Вскоре дверь отворилась, и появился обвиняемый.
На всех он произвел одно и то же впечатление, и никто не обманулся в выражении его лица.
Его черты не носили отпечатка того глубокого волнения, от которого кровь приливает к сердцу и бледнеет лицо. Руки его — одну он положил на шляпу, другую засунул за вырез белого пикейного жилета — не дрожали; глаза были спокойны и даже блестели. Едва войдя в залу, он стал осматривать судей и публику и дольше, чем на других, остановил взгляд на председателе и особенно на королевском прокуроре.
Рядом с Андреа поместился его адвокат, защитник по назначению (Андреа не захотел заниматься подобного рода мелочами, которым он, казалось, не придавал никакого значения), молодой блондин, с покрасневшим лицом, во сто крат более взволнованный, чем сам подсудимый.
Председатель попросил огласить обвинительный акт, составленный, как известно, искусным и неумолимым пером Вильфора.
Во время этого долгого чтения, которое для всякого другого было бы мучительно, внимание публики сосредоточилось на Андреа, переносившем это испытание с душевной бодростью спартанца.
Никогда еще, быть может, Вильфор не был так лаконичен и красноречив; преступление было обрисовано самыми яркими красками; все прошлое обвиняемого, постепенное изменение его внутреннего облика, последовательность его поступков, начиная с весьма раннего возраста, были представлены со всей той силой, какую мог почерпнуть из знания жизни и человеческой души возвышенный ум королевского прокурора.
Одной этой вступительной речью Бенедетто был навсегда уничтожен в глазах общественного мнения еще до того, как его покарал закон.
Андреа не обращал ни малейшего внимания на эти грозные обвинения, которые одно за другим обрушивались на него. Вильфор часто смотрел в его сторону и, должно быть, продолжал психологические наблюдения, которые он уже столько лет вел над преступниками, но ни разу не мог заставить Андреа опустить глаза, как ни пристален и ни упорен был его взгляд.
Наконец обвинительный акт был прочитан.
— Обвиняемый, — сказал председатель, — ваше имя и фамилия?
Андреа встал.
— Простите, господин председатель, — сказал он ясным и звонким голосом, — но я вижу, что вы намерены предлагать мне вопросы в таком порядке, в каком я затруднился бы на них отвечать. Я полагаю, и обязуюсь это доказать немного позже, что я могу считаться исключением среди обычных подсудимых. Прошу вас, разрешите мне отвечать, придерживаясь другого порядка; при этом я отвечу на все вопросы.
Председатель удивленно взглянул на присяжных, те взглянули на королевского прокурора.
Публика была в недоумении.
Но Андреа это, по-видимому, ничуть не смутило.

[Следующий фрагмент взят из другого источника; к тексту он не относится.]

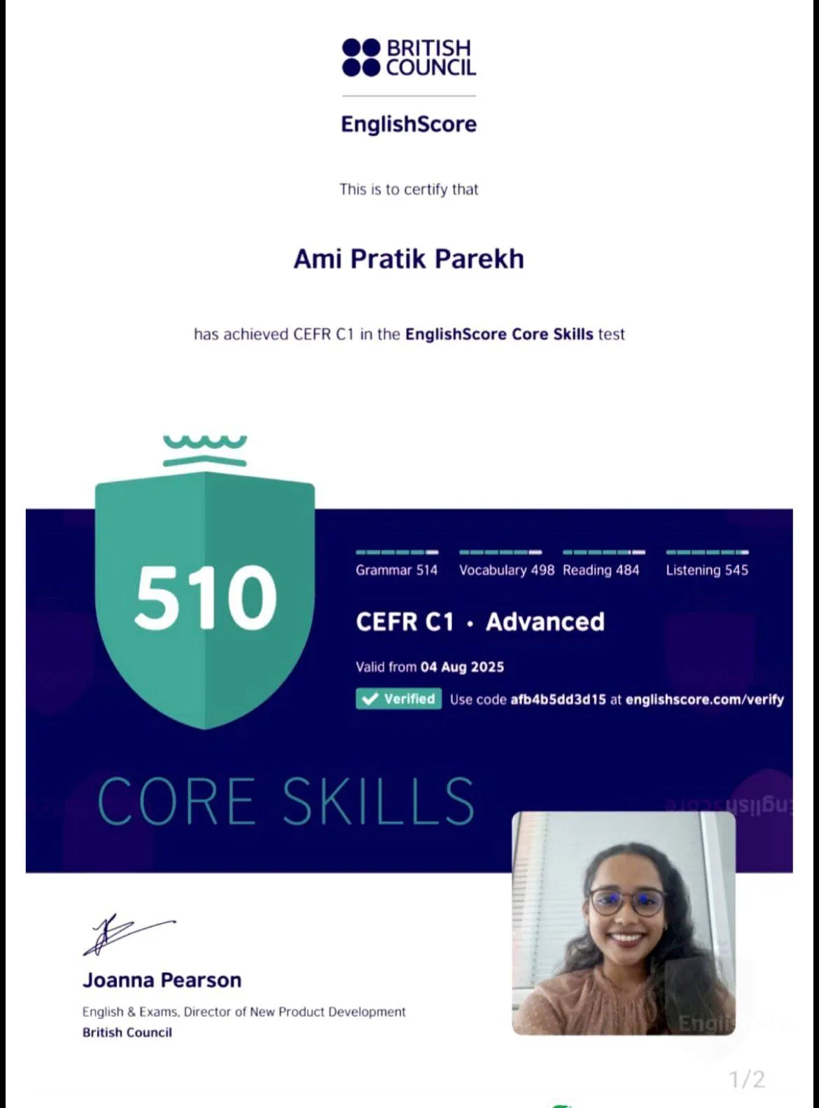 With a strong track record of helping students achieve their desired scores, Ami combines proven exam techniques with real-world communication skills, making her sessions both result-oriented and highly engaging.
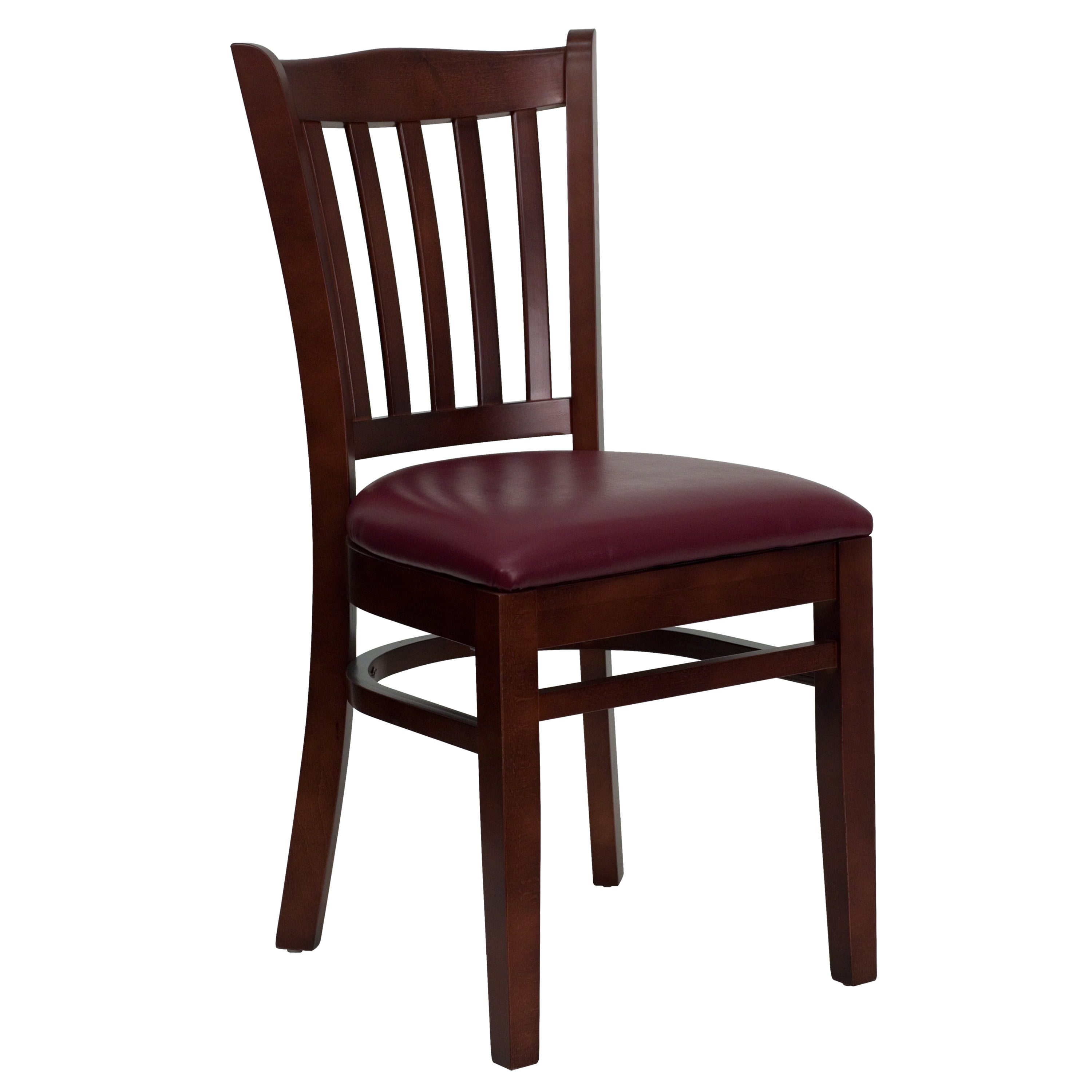 Flash Furniture 2 Pk. HERCULES Series Vertical Slat Back Mahogany Wood Restaurant Chair – Burgundy Vinyl Seat

— Сколько вам лет? — спросил председатель. — На этот вопрос вы ответите?
— И на этот вопрос, и на остальные, господин председатель, когда придет их черед.
— Сколько вам лет? — повторил судья.
— Мне двадцать один год, или, вернее, мне исполнится двадцать один год через несколько дней, так как я родился в ночь с двадцать седьмого на двадцать восьмое сентября тысяча восемьсот семнадцатого года.

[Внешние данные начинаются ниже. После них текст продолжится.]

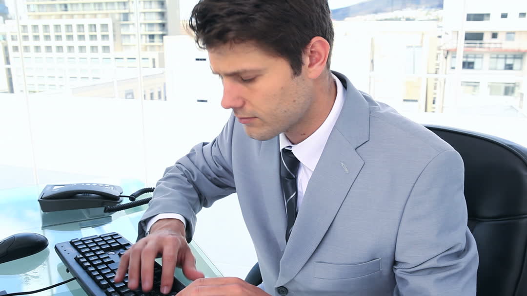 A businessman in a suit is working at his desk, typing on a keyboard in a modern office environment with a city view. This video can illustrate themes related to office work, professional environments, business activities, or corporate settings. It is suitable for promoting business services, corporate websites, or workplace-related articles.
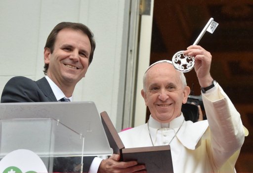 "É preciso oferecer uma dúzia de ovos à Santa Clara" para que pare de chover, disse o Papa a Eduardo Paes durante visita ao Palácio da Cidade, sem perceber que o microfone estava aberto.
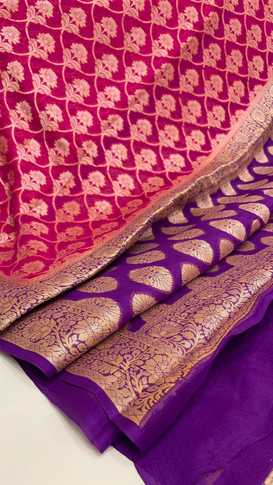Faishana Pure Handloom Magenta Chiffon Golden Zari Floral Booti Jaal with Contrast Purple Zari Booti Anchal and Zari Border with Purple Blouse
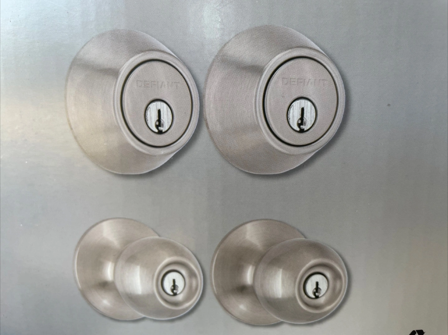 Selling two door knob and deadbolt lock sets. Great for adding security to your home. Regular price $90. **Pick up only**
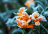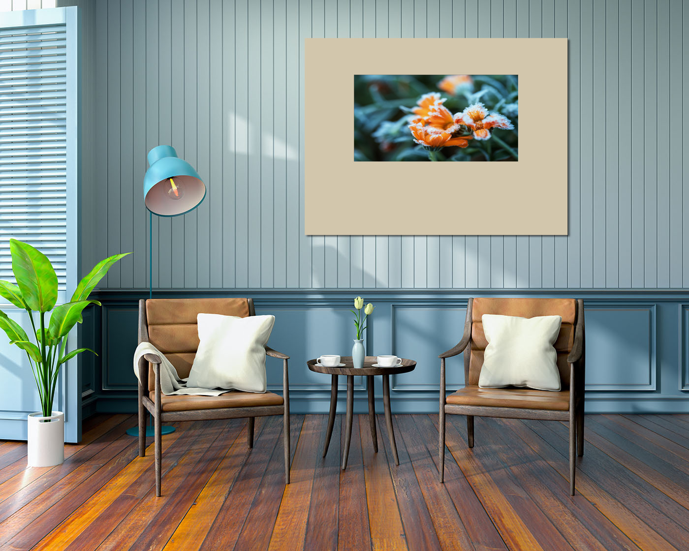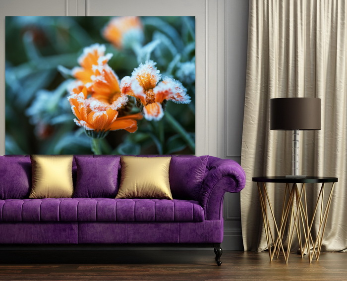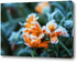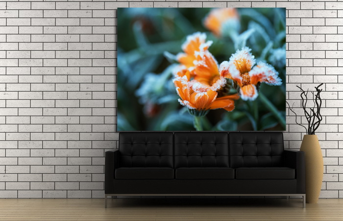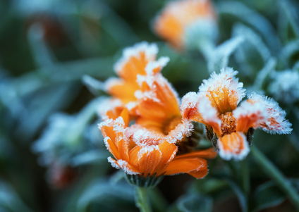 цветы календулы покрытые холодными кристаллами инея в морозное осеннее утро

Вильфор, что-то записывавший, при этих словах поднял голову.
— Где вы родились? — продолжал председатель.
— В Отейле, близ Парижа, — отвечал Бенедетто.
Вильфор вторично посмотрел на Бенедетто и побледнел, словно увидел голову Медузы.
Что же касается Бенедетто, то он грациозно отер губы вышитым концом тонкого батистового платка.
— Ваша профессия? — спросил председатель.
— Сначала я занимался подлогами, — невозмутимо отвечал Андреа, — потом воровство, а недавно стал убийцей.
Ропот, или, вернее, гул негодования и удивления, пронесся по зале; даже судьи изумленно переглянулись, а присяжные явно были возмущены цинизмом, которого трудно было ожидать от светского человека.
Вильфор провел рукою по лбу; его бледность сменилась багровым румянцем; вдруг он встал, растерянно озираясь; он задыхался.
— Вы что-нибудь ищете, господин королевский прокурор? — спросил Бенедетто с самой учтивой улыбкой.
Вильфор ничего не ответил и снова сел или, вернее, упал в свое кресло.
— Может быть, теперь, обвиняемый, вы назовете себя? — спросил председатель. — То вызывающее бесстыдство, с которым вы перечислили свои преступления, именуя их своей профессией и даже как бы гордясь ими, само по себе достойно того, чтобы во имя нравственности и уважения к человечеству суд вынес вам строгое осуждение; но, вероятно, вы преднамеренно не сразу назвали себя; вам хочется оттенить свое имя всеми своими титулами.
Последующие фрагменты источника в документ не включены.